# Work item
Only the lines from the one containing "- Trộn baking" to the end of the data below belong in the answer, each repeated exactly; no pictures.

# Source data

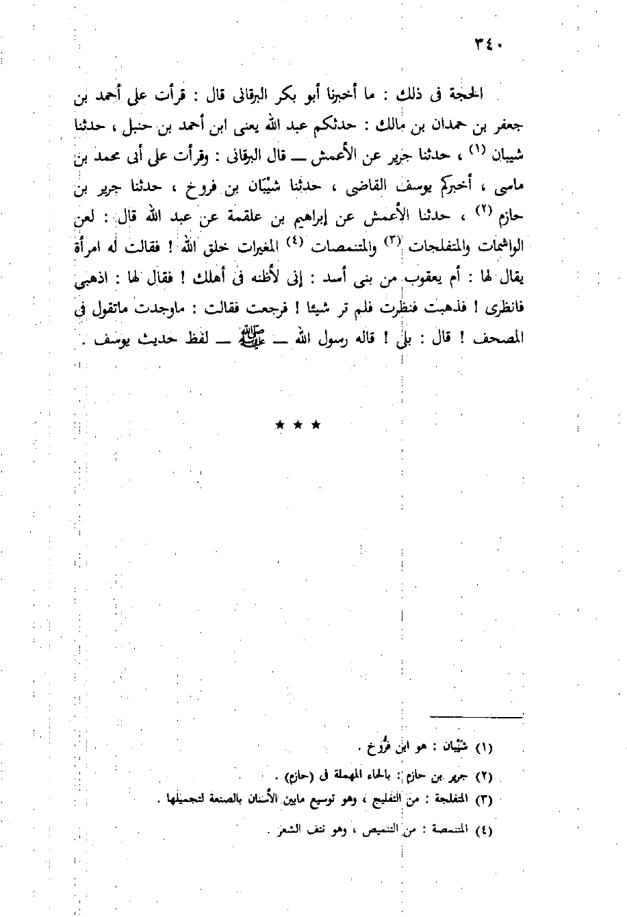 الحجة في ذلك: مَا أَخْبَرَنَا أَبُو بَكْرٍ الْبَرْقَانِيُّ قَالَ: قَرَأْتُ عَلَى أَحْمَدَ بْنِ جَعْفَرِ بْنِ حَمْدَانَ بْنِ مَالِكٍ: حَدَّثَكُمْ عَبْدُ اللَّهِ يَعْنِي ابْنَ أَحْمَدَ بْنِ حَنْبَلٍ، حَدَّثَنَا شَيْبَانُ، حَدَّثَنَا جَرِيرٌ عَنِ الْأَعْمَشِ - قَالَ الْبَرْقَانِيُّ: وَقَرَأْتُ عَلَى أَبِي مُحَمَّدِ بْنِ مَاسِيٍّ، أَخْبَرَكُمْ يُوسُفُ الْقَاضِي، حَدَّثَنَا شَيْبَانُ بْنُ فَرُّوخَ، حَدَّثَنَا جَرِيرُ بْنُ حَازِمٍ، حَدَّثَنَا الْأَعْمَشُ عَنْ إِبْرَاهِيمَ بن عَلْقَمَةَ عَنْ عَبْدِ اللَّهِ قَالَ: لُعِنَ الْوَاشِمَاتُ وَالْمُتَفَلِّجَاتُ وَالْمُتَنَمِّصَاتُ الْمُغَيِّرَاتُ لخلق اللَّهِ {فَقَالَتْ لَهُ امْرَأَةٌ يُقَالُ لَهَا: أُمُّ يَعْقُوبَ مِنْ بَنِي أَسَدٍ: إِنِّي لأَظُنُّهُ فِي أَهْلِكَ} فَقَالَ لَهَا: اذْهَبِي فَانْظُرِي {فَذَهَبَتْ فَنَظَرَتْ فَلَمْ تَرَ شَيْئًا} فَرَجَعَتْ فَقَالَتْ: مَا وَجَدْتُ مَا تَقُولُ فِي الْمُصْحَفِ {قَالَ: بَلَى} قَالَهُ رَسُولُ اللَّهِ - صَلَّى اللَّهُ عَلَيْهِ وَسَلَّم َ - لفظ حديث يوسف.
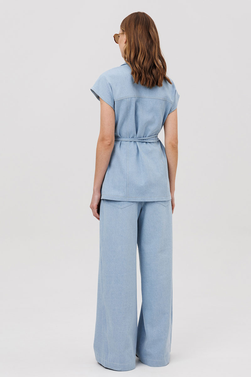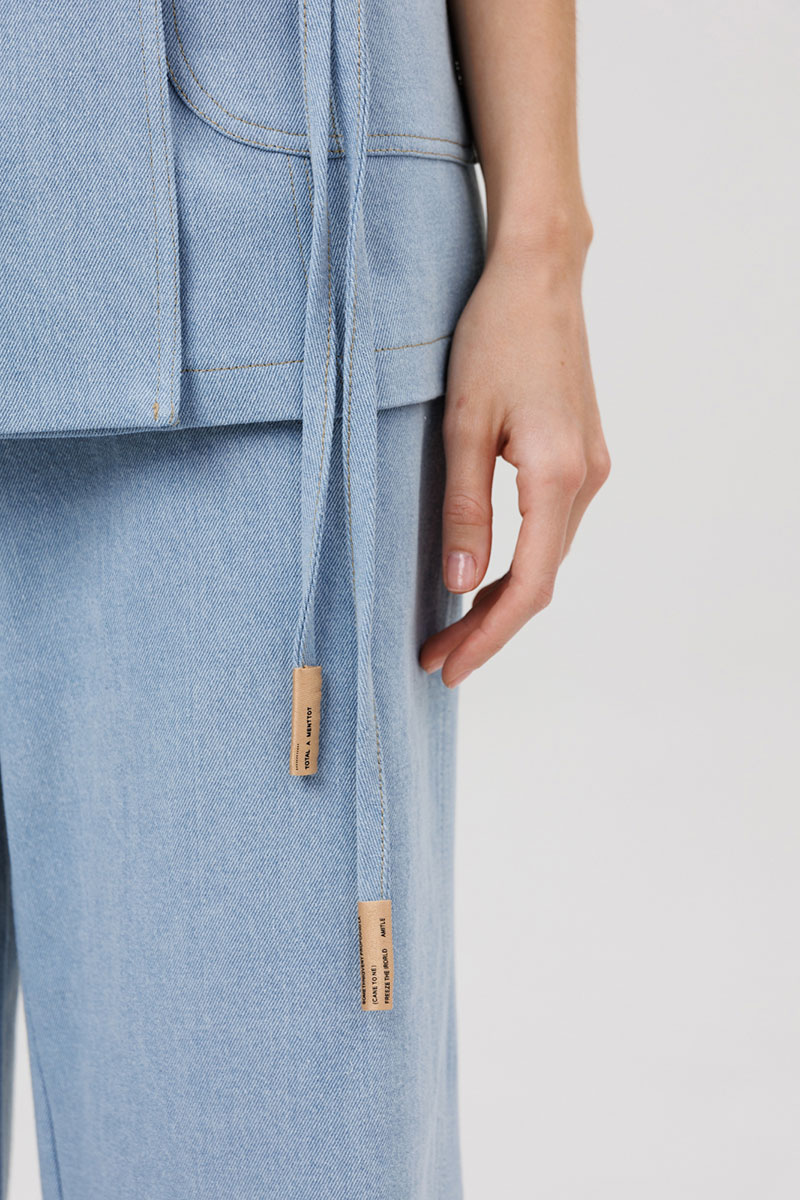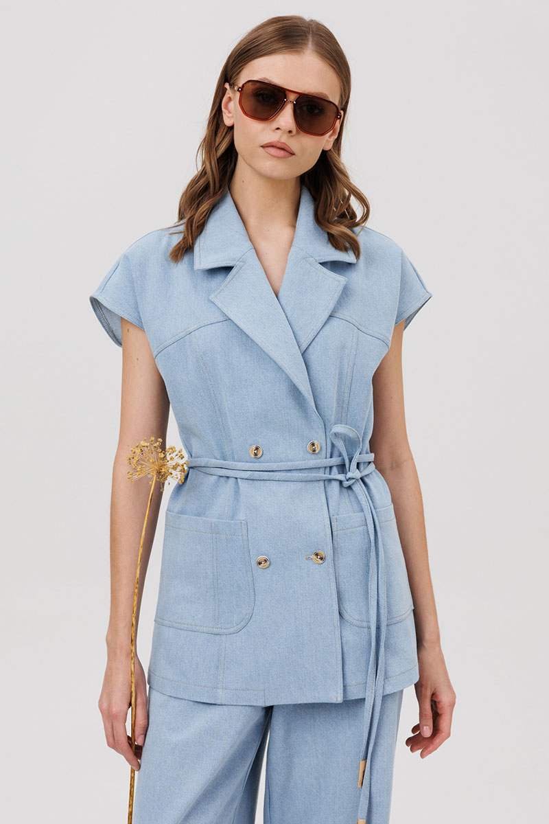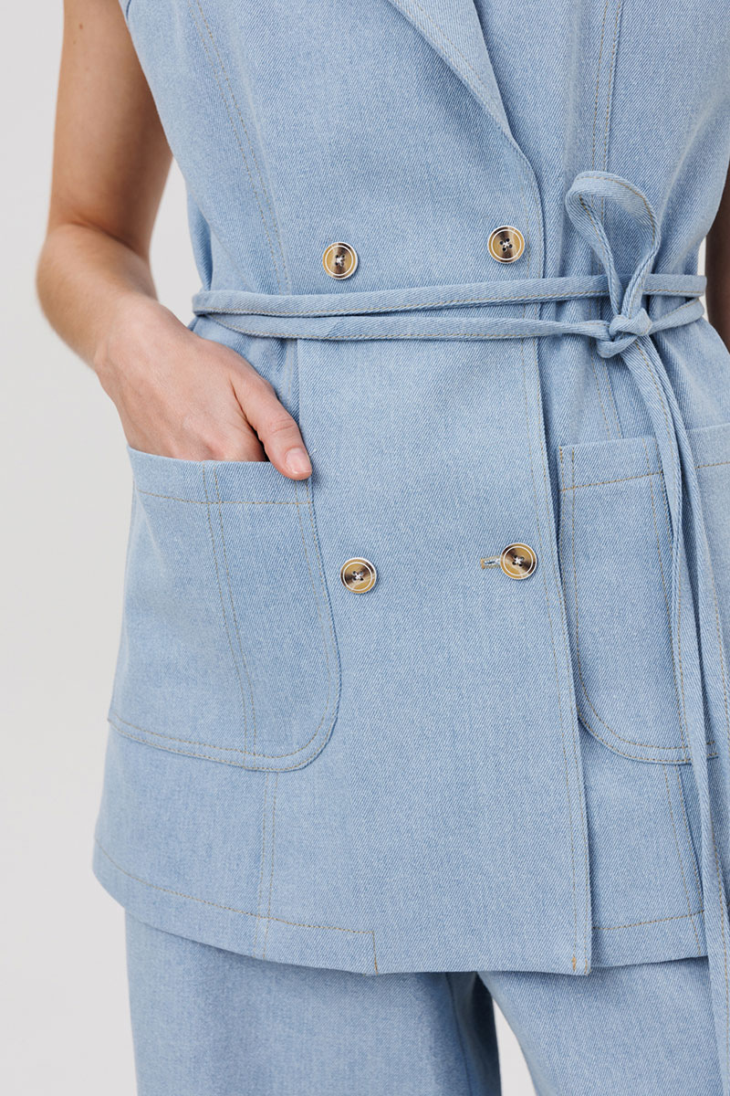 Костюм женский, состоящий из брюк и жилета; выполнен из джинсовой ткани.
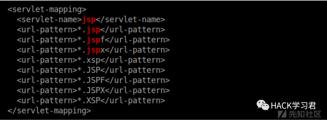 $JETTY_HOME/etc/webdefault.xml配置文件,默认情况下会将下面类型文件解析为JSP文件
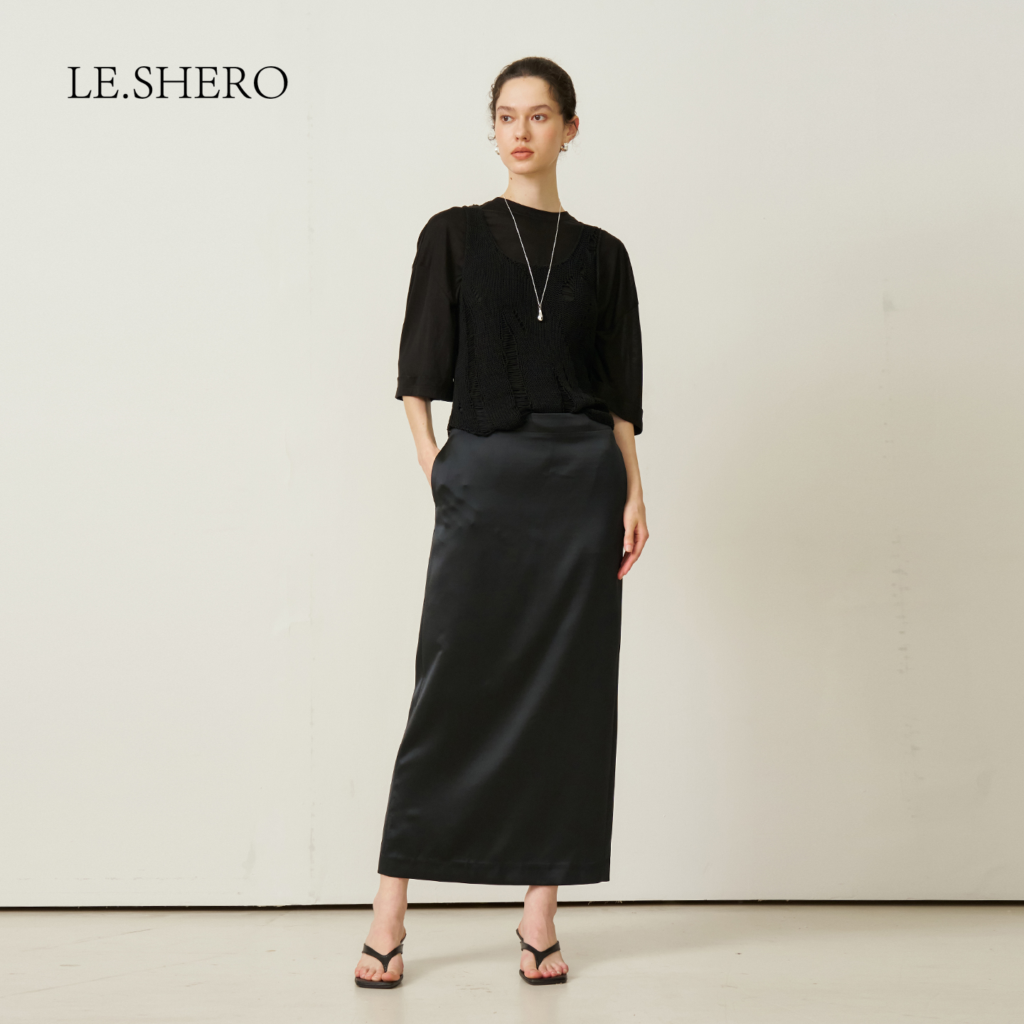 优雅气质醋酸长半身裙显瘦裙子 胶囊系列 LE.SHERO 吉娜同款
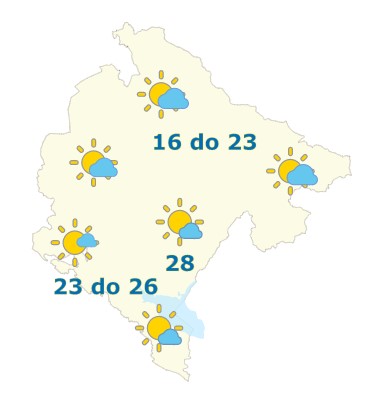 Danas će u Crnoj Gori biti pretežno sunčano ili malo do umjereno oblačno. Vjetar slab do umjeren, ponegdje kratkotrajno pojačan, sjevernih smjerova. Najviša dnevna temperatura vazduha od 16 do 28 stepeni, saopšteno je iz Zavoda za hidrometeorologiju.
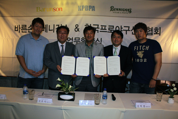 한국프로야구선수협회(회장 손민한, 이하 선수협회)와 ㈜바른손·베니건스(대표 서우식, 김학범, 이하 바른손)는 지난 4일 오전 11시 삼성동에 소재한 베니건스 테헤란점에서 전략적 사업 제휴를 위한 양해각서(MOU) 체결식을 갖고, 양측이 보유한 리소스를 활용하여 각종 제휴 사업을 추진하기로 합의했다.
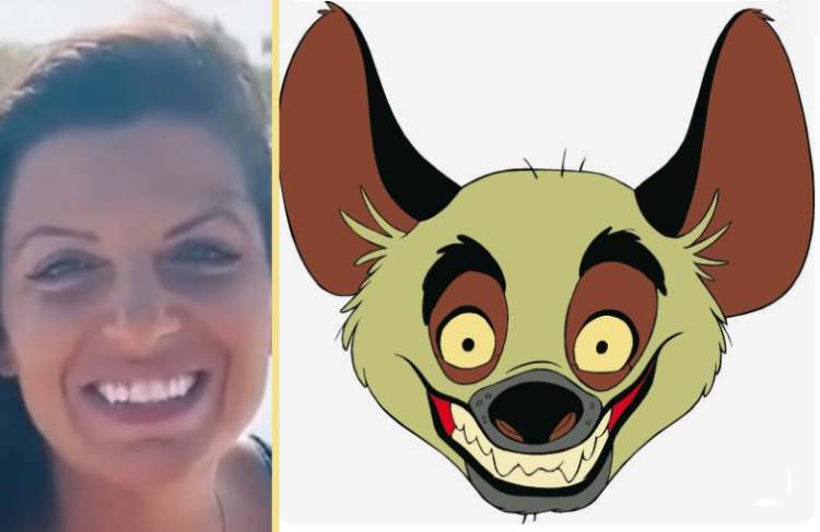 По мнению певицы, пропагандистка похожа на гиену из мультика «Король лев». У себя в соцсети певица разместила коллаж из фото Симоньян и мультяшной гиены, чтобы подтвердить свое мнение.
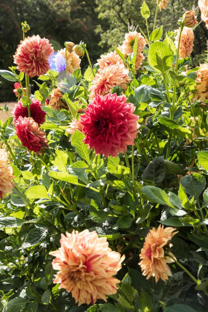 Maria en Piets favoriete plekje om na een drukke dag in de tuin te genieten van de avondzon is beslist het kleine, met haagjes omzoomde terrasje onder het donkere gebladerde van een Prunus cerasifera ‘Nigra’. Ook hier zijn uitbundige bloembedden, maar dan van donkerbladige Heuchera, wijnrode duizendknoop, opgelicht door felrode dahlia’s. “De donkere tinten verstillen en maken de plek intiem”, legt Maria uit. “Bovendien ogen de rode tinten prachtig in het avondlicht.”
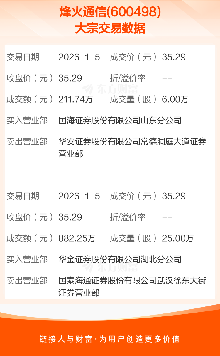 2026年1月5日,烽火通信发生2笔大宗交易,共成交31.00万股,成交金额1093.99万元,占其流通市值比例为0.02%。
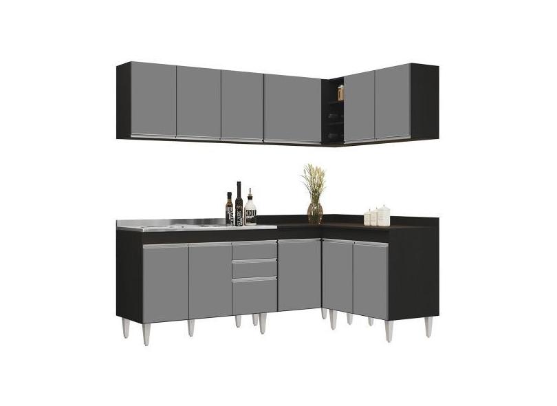 Armário De Cozinha Modulado De Canto 6 Peças Cp30 Com Pia Inox Preto/C
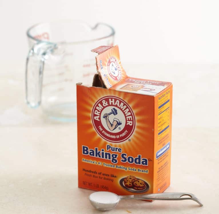 - Trộn baking soda và nước theo tỉ lệ 1:1, khuấy đều cho đến khi có được một hỗn hợp sánh, mịn.
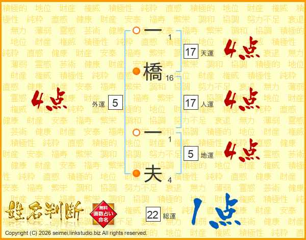 生活面を象徴する運勢です。外部から受ける影響力を表し、結婚運、家庭運や職場、環境への順応性を表します。総運から人運を引いた画数。姓や名が1文字の場合を除く。
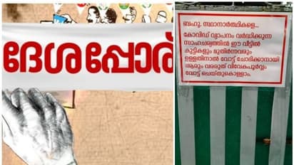 ആലപ്പുഴ: തദ്ദേശതെരഞ്ഞെടുപ്പില് വോട്ട് ചോദിച്ച് വീട്ടിലേക്കെത്തുന്നവര്ക്ക് അറിയിപ്പുമായി ആലപ്പുഴയിലെ ഈ വോട്ടര്. നഗരസഭയിലേക്ക് ഏറ്റവും കൂടുതല് ആളുകള് മത്സരരംഗത്തുള്ള സക്കറിയാ വാര്ഡിലെ ബംഗ്ലാവ് പറമ്പില് നാസര് കാസിമാണ് ഇത്തരമൊരു അറിയിപ്പിന് പിന്നില്. ബഹുമാനപ്പെട്ട സ്ഥാനാര്ത്ഥികളേ കൊവിഡ് വര്ധിക്കുന്ന സാഹചര്യത്തില് ഈ വീട്ടില് കുട്ടികളും മുതിര്ന്നവരും ഉള്ളതിനാല് വോട്ട് ചോദിക്കാനായി ആരും വരരുത്. വിവേകപൂര്വ്വം വോട്ട് ചെയ്തോളാം.
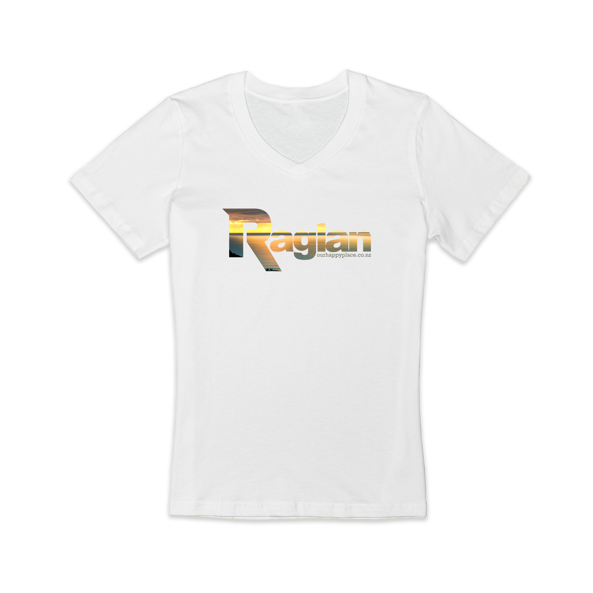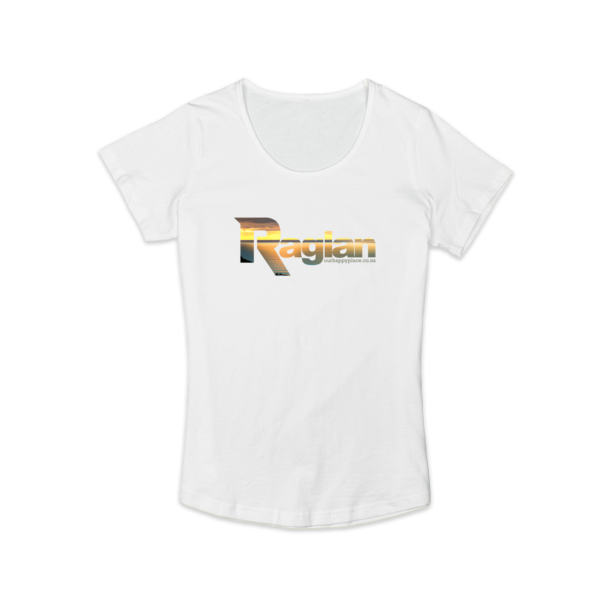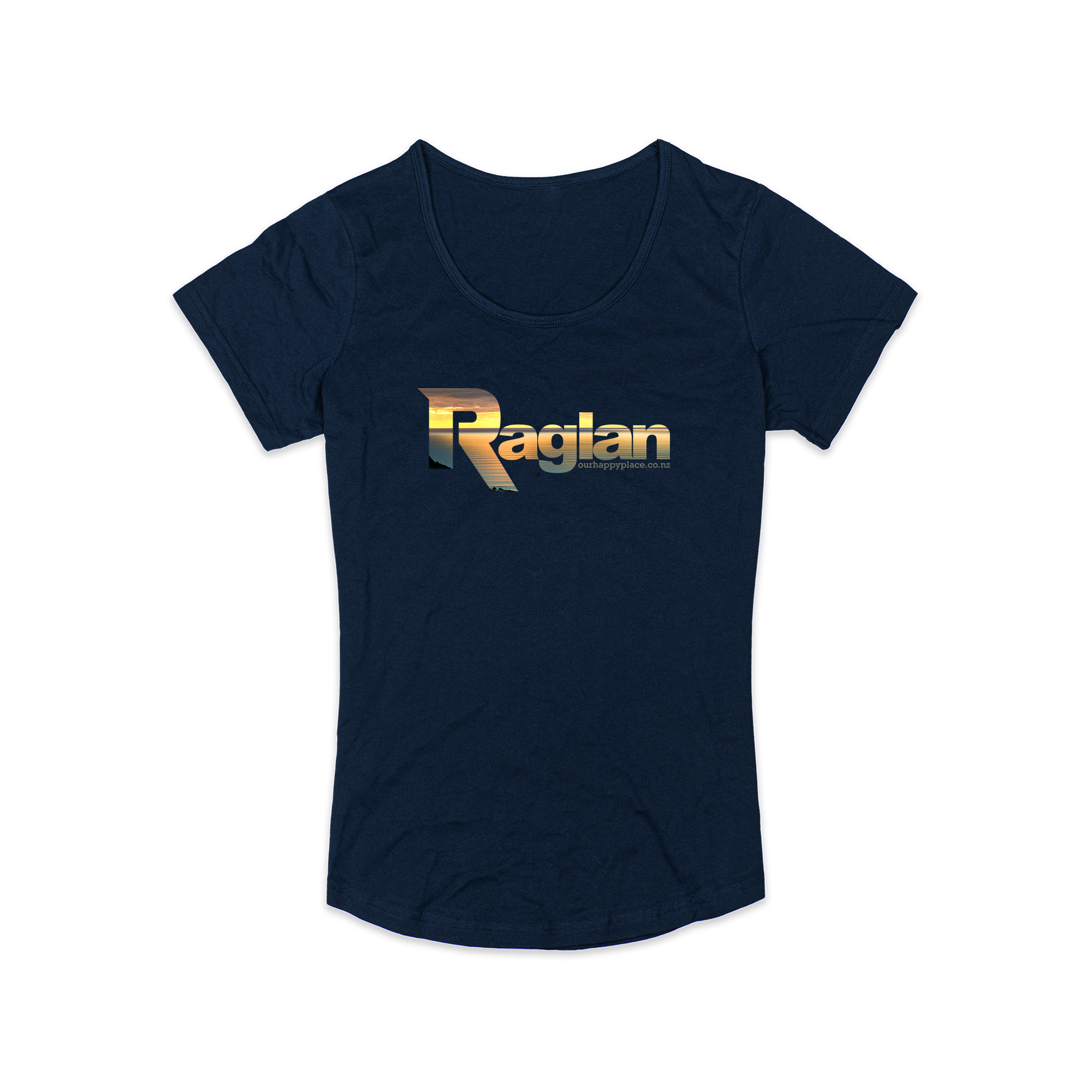 Raglan is one of New Zealand’s most iconic surf towns, known for its world-famous waves and relaxed west coast atmosphere. This design features a real photograph of a sunset captured at Indicators in Raglan embedded into the place name lettering – bringing that coastal feeling to life.

# Response to this task
 - Trộn baking soda và nước theo tỉ lệ 1:1, khuấy đều cho đến khi có được một hỗn hợp sánh, mịn.
 生活面を象徴する運勢です。外部から受ける影響力を表し、結婚運、家庭運や職場、環境への順応性を表します。総運から人運を引いた画数。姓や名が1文字の場合を除く。
 ആലപ്പുഴ: തദ്ദേശതെരഞ്ഞെടുപ്പില് വോട്ട് ചോദിച്ച് വീട്ടിലേക്കെത്തുന്നവര്ക്ക് അറിയിപ്പുമായി ആലപ്പുഴയിലെ ഈ വോട്ടര്. നഗരസഭയിലേക്ക് ഏറ്റവും കൂടുതല് ആളുകള് മത്സരരംഗത്തുള്ള സക്കറിയാ വാര്ഡിലെ ബംഗ്ലാവ് പറമ്പില് നാസര് കാസിമാണ് ഇത്തരമൊരു അറിയിപ്പിന് പിന്നില്. ബഹുമാനപ്പെട്ട സ്ഥാനാര്ത്ഥികളേ കൊവിഡ് വര്ധിക്കുന്ന സാഹചര്യത്തില് ഈ വീട്ടില് കുട്ടികളും മുതിര്ന്നവരും ഉള്ളതിനാല് വോട്ട് ചോദിക്കാനായി ആരും വരരുത്. വിവേകപൂര്വ്വം വോട്ട് ചെയ്തോളാം.
 Raglan is one of New Zealand’s most iconic surf towns, known for its world-famous waves and relaxed west coast atmosphere. This design features a real photograph of a sunset captured at Indicators in Raglan embedded into the place name lettering – bringing that coastal feeling to life.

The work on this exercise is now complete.